PROBLEM TO WORK ON
Pictures in the listing below are skipped, while the lines from the "保证当前选择的是layer2图层,使用filter / Render" line through the "Dependence relations between" line are returned word for word.

MATERIALS PROVIDED
>>>
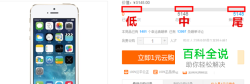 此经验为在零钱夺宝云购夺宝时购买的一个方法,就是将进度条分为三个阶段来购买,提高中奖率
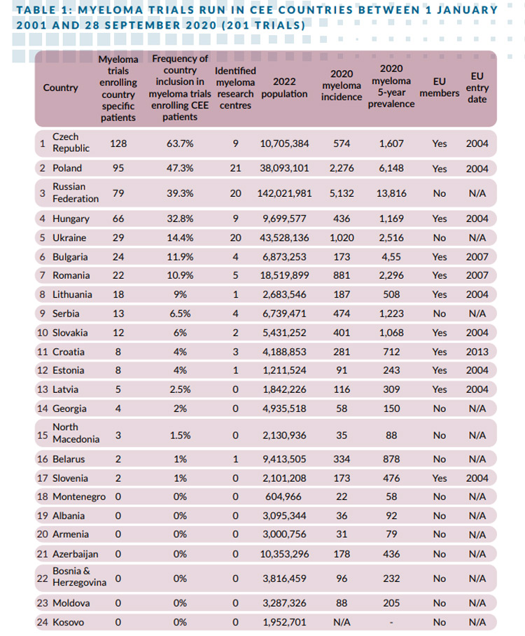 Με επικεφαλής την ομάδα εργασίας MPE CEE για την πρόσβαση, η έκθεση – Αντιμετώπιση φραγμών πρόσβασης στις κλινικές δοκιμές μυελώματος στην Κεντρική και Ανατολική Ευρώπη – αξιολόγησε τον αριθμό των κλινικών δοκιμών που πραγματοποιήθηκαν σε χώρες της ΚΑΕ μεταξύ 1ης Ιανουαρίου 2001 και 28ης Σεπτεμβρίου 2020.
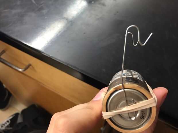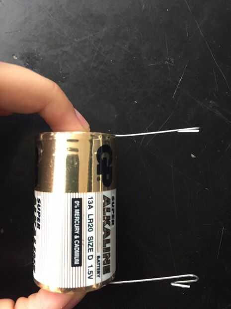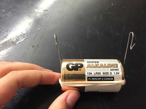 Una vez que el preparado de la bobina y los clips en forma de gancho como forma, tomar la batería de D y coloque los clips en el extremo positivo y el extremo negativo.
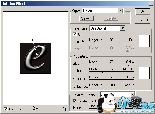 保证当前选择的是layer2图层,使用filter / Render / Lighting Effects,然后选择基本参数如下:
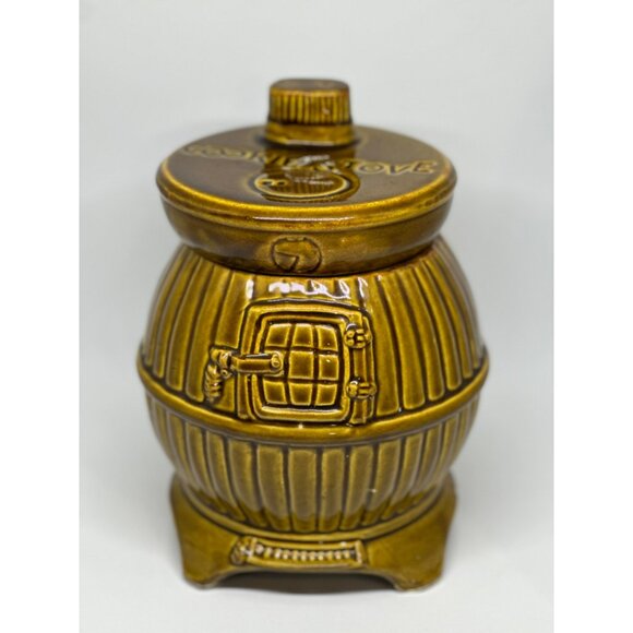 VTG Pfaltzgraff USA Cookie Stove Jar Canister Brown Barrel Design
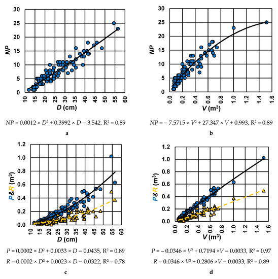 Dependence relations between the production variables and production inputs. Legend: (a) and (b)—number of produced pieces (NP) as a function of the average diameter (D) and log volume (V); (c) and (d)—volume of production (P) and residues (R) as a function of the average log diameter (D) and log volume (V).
<<<
>>>
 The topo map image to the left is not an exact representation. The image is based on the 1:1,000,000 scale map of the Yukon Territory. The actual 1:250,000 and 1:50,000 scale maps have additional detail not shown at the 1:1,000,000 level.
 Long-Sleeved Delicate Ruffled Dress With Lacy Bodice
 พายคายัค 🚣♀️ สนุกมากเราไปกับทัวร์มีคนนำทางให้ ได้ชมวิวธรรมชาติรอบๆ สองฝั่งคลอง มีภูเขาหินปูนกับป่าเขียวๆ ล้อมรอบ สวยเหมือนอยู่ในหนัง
<<<
>>>
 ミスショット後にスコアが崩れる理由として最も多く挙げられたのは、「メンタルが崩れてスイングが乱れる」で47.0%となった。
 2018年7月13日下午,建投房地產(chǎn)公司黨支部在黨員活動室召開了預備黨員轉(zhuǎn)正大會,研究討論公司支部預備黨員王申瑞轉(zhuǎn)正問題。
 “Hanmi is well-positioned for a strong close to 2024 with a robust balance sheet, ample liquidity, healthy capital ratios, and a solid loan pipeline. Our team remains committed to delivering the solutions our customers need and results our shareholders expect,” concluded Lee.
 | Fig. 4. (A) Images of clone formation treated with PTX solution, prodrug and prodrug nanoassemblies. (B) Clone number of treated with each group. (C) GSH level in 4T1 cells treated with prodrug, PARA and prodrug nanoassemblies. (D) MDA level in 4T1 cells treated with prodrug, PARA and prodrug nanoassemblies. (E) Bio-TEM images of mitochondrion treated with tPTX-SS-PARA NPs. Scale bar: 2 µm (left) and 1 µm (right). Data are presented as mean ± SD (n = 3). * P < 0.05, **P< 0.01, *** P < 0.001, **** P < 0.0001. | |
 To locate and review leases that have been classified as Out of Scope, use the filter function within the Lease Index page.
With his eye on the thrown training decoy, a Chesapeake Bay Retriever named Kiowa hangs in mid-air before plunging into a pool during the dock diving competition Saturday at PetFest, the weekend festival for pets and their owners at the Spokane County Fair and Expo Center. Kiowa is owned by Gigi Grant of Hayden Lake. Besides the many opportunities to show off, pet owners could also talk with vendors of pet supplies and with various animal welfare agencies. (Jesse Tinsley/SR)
<<<
SOLUTION TO THIS PROBLEM
 保证当前选择的是layer2图层,使用filter / Render / Lighting Effects,然后选择基本参数如下:
 VTG Pfaltzgraff USA Cookie Stove Jar Canister Brown Barrel Design
 Dependence relations between the production variables and production inputs. Legend: (a) and (b)—number of produced pieces (NP) as a function of the average diameter (D) and log volume (V); (c) and (d)—volume of production (P) and residues (R) as a function of the average log diameter (D) and log volume (V).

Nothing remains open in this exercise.